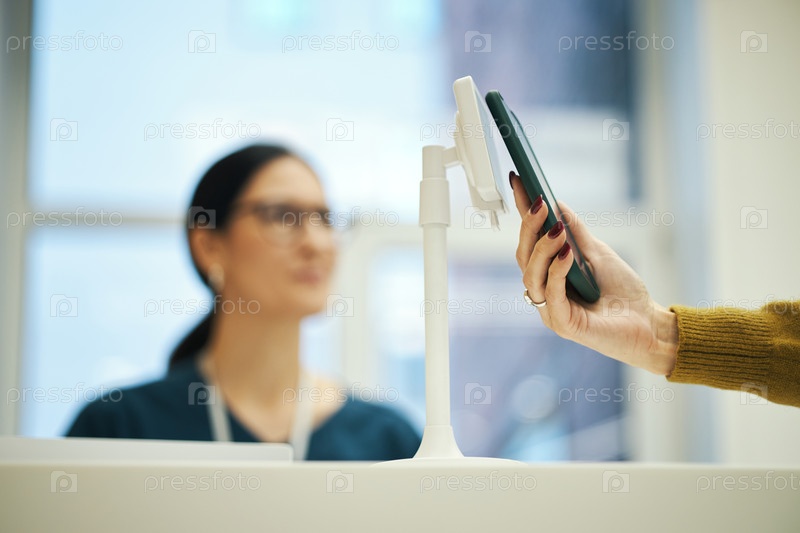 Молодая женщина платит смартфоном в приемной клиники
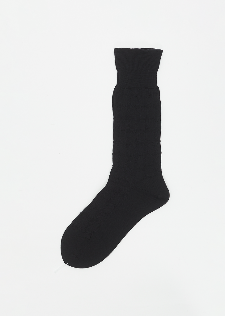 Antipast black crew socks with a diamond link jacquard pattern knit in a wool blend.
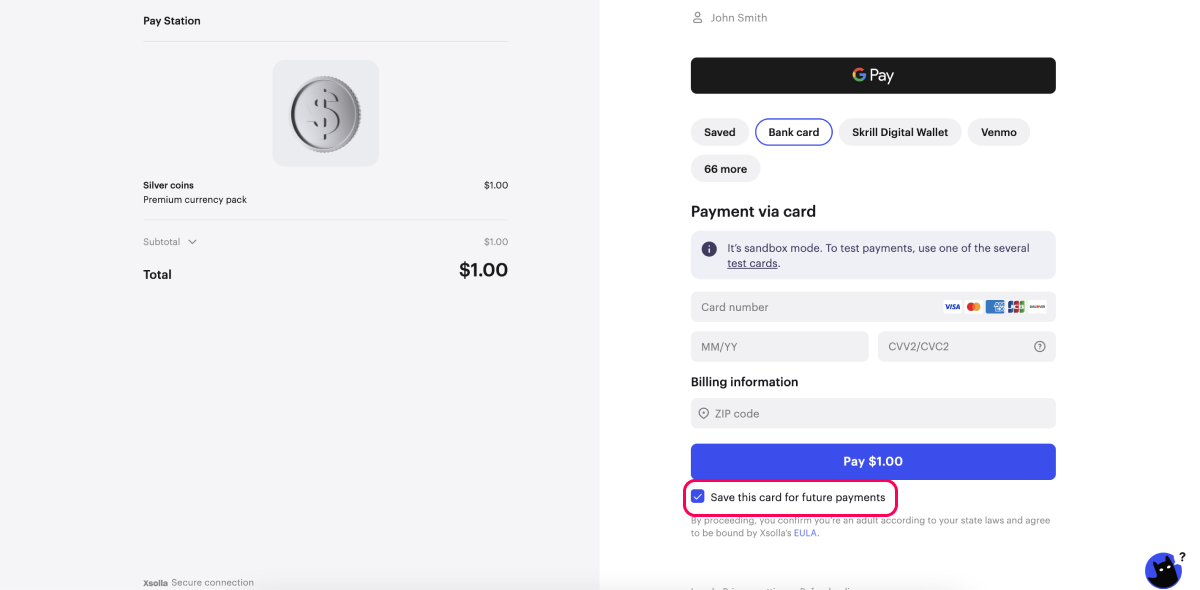 - Save card in the sandbox mode.
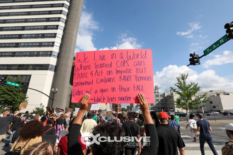 The protests have remained peaceful throughout the city as protesters marched from Bicentennial Mall to Broadway and then to the State Capitol building.
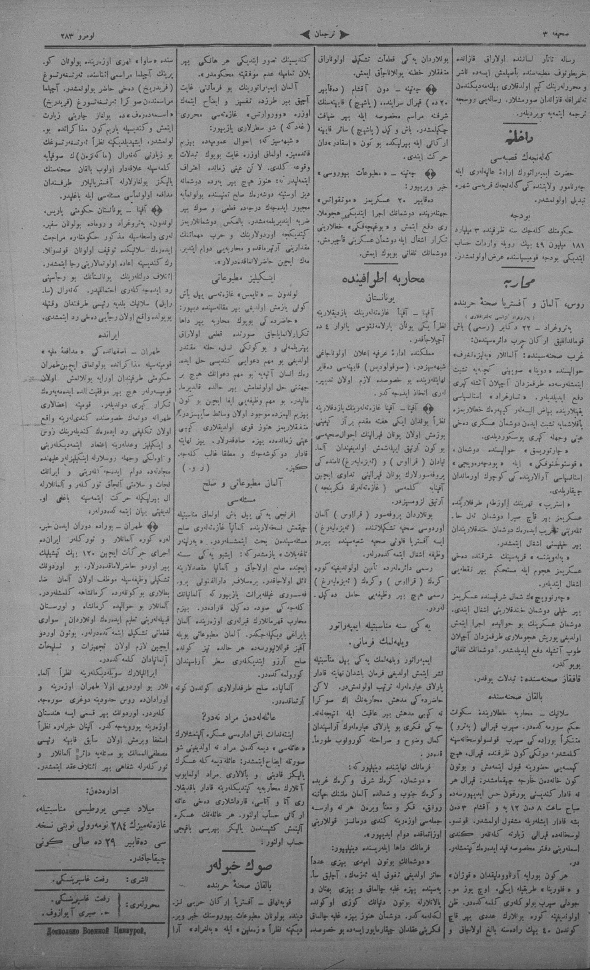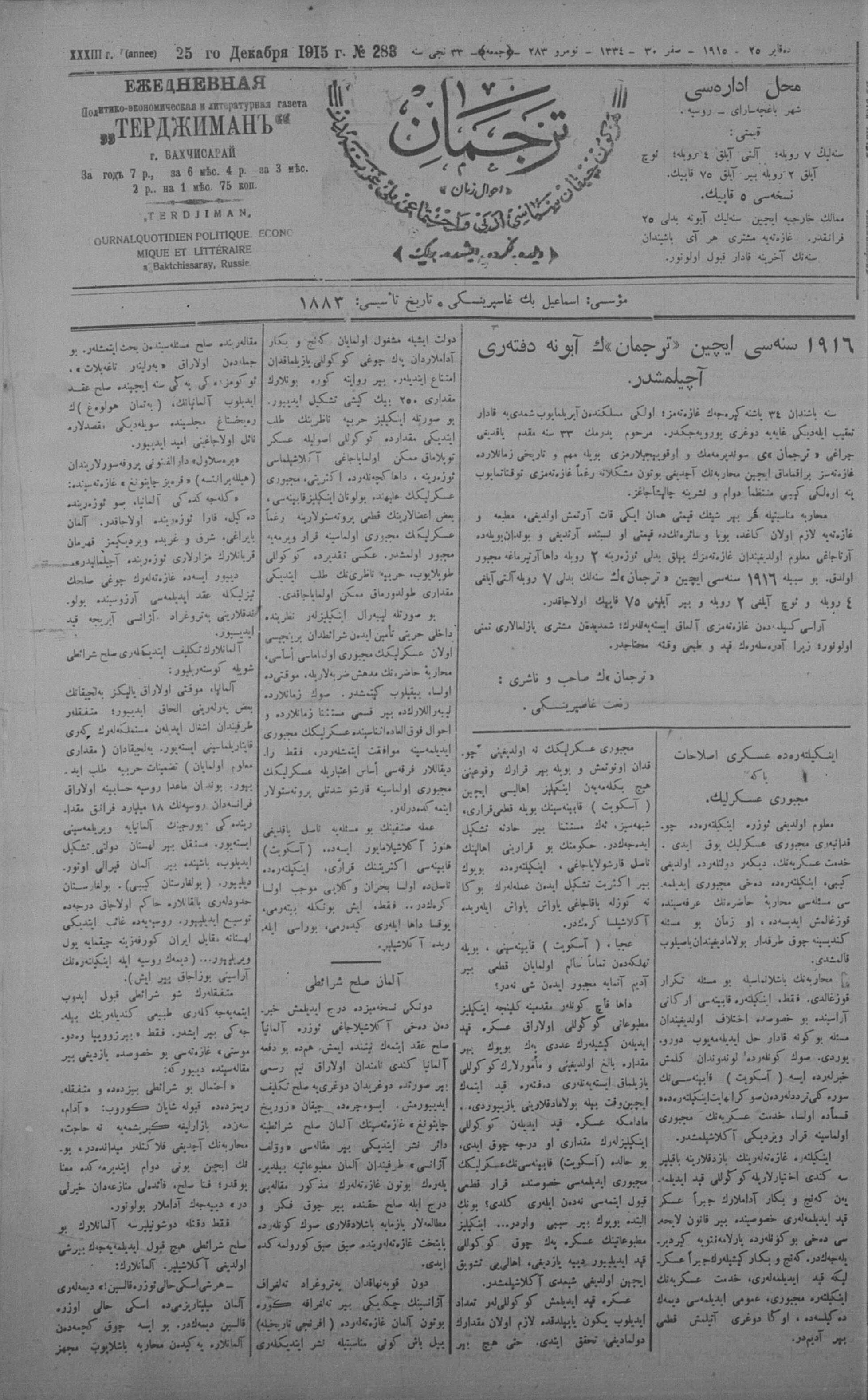 Tercüman, 25 December 1915 Year 33 No 283
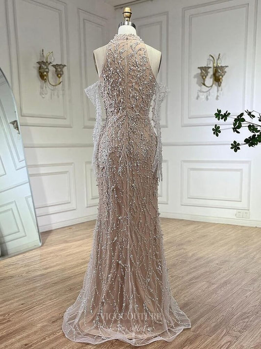 Vestido de fiesta de sirena con lentejuelas color marfil, cuello vuelto, tirantes finos y abertura en la espalda tipo corsé 24101
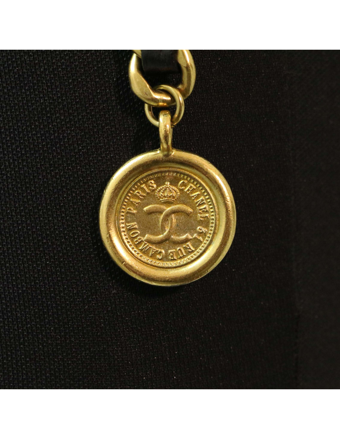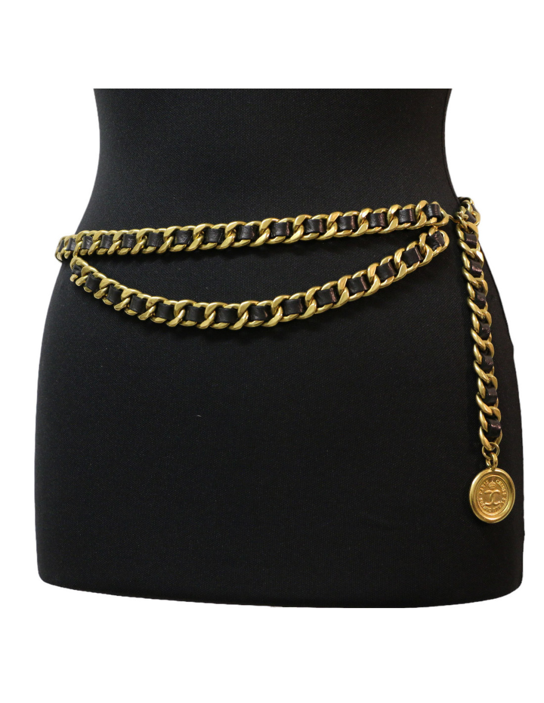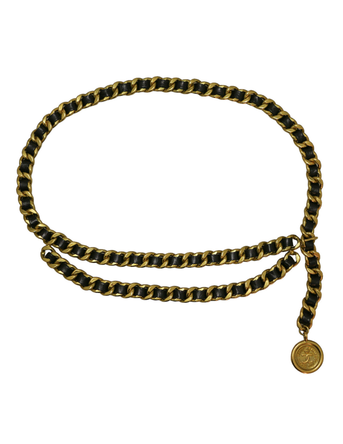 Last items in stock BELTS CHANEL vintage copper chain and leather belt CHANEL 34963 1,710.00 € CHANEL vintage charms CC belt Fall 1997 Condition : very goodGender : womanCollection : beltMaterials : metal, leatherColors : copper, brownMeasurements : total length 82 cm, width 2 cmStamp : yesYear : Fall 1997Hardware: aged copper finish metalDetails : Vintage belt with 8 CC charms. Hook clasp, Chanel signature on top. Belt adjusts to 14 cm. Add to cart
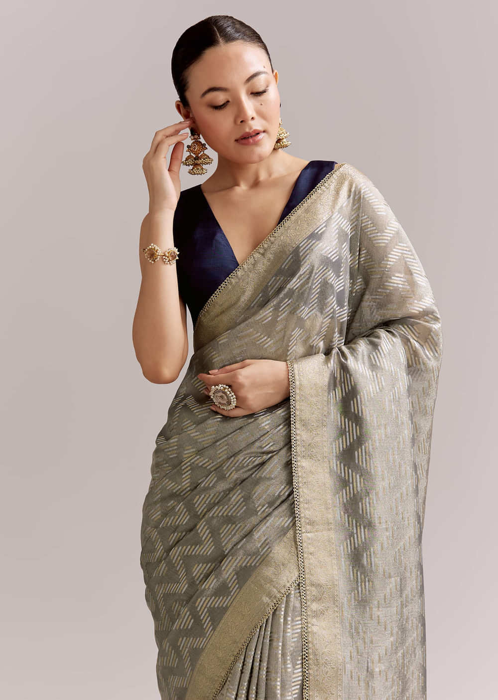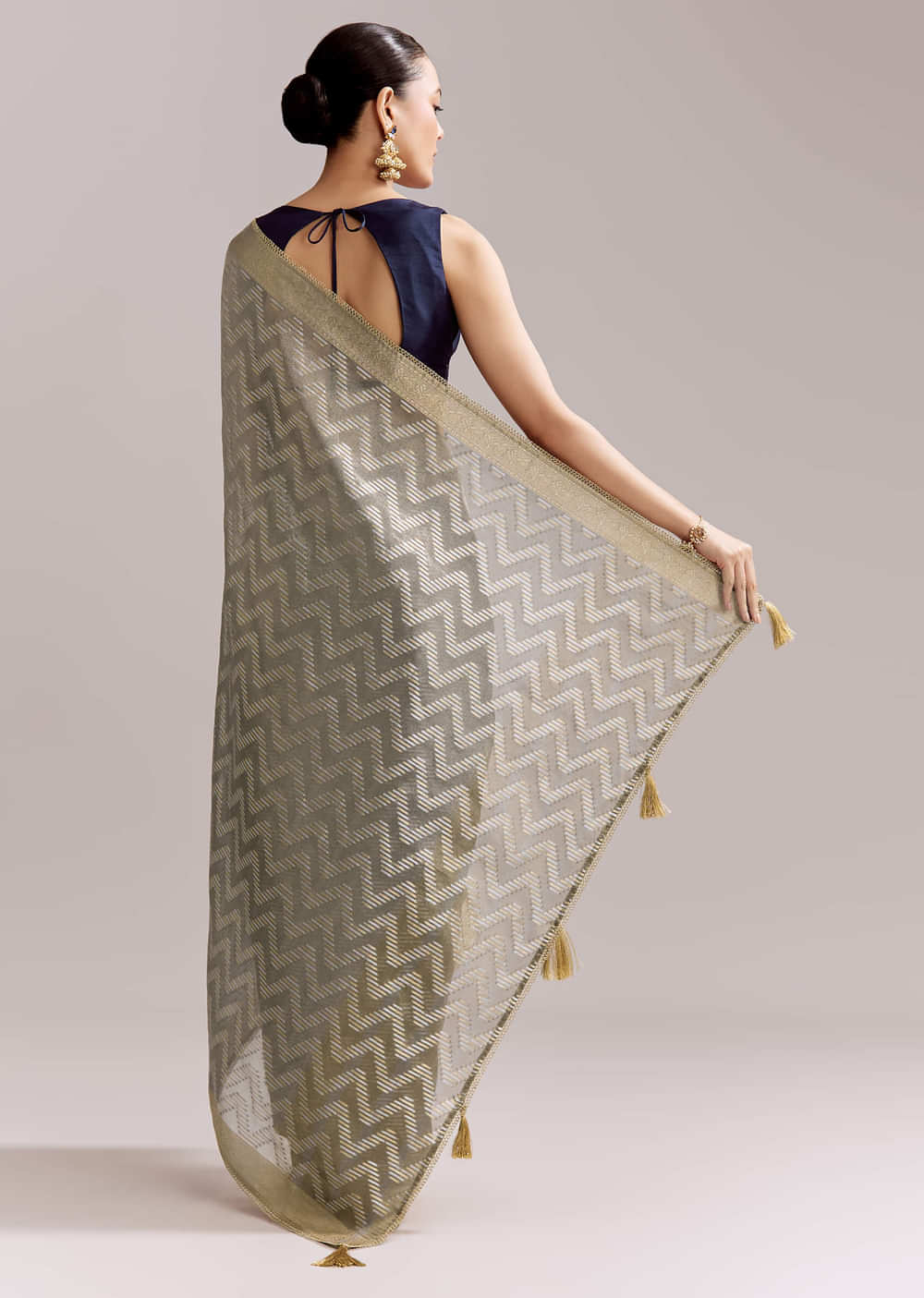 Grey Tissue Silk Woven Saree With Zig Zag Motif And Zari Border

→ **Exercise details**: Reproduce, word for word, every line from the start of the records down to and including the line with "Vestido de fiesta"; skip the pictures.

→ **Task output**:
 Молодая женщина платит смартфоном в приемной клиники
 Antipast black crew socks with a diamond link jacquard pattern knit in a wool blend.
 - Save card in the sandbox mode.
 The protests have remained peaceful throughout the city as protesters marched from Bicentennial Mall to Broadway and then to the State Capitol building.
 Tercüman, 25 December 1915 Year 33 No 283
 Vestido de fiesta de sirena con lentejuelas color marfil, cuello vuelto, tirantes finos y abertura en la espalda tipo corsé 24101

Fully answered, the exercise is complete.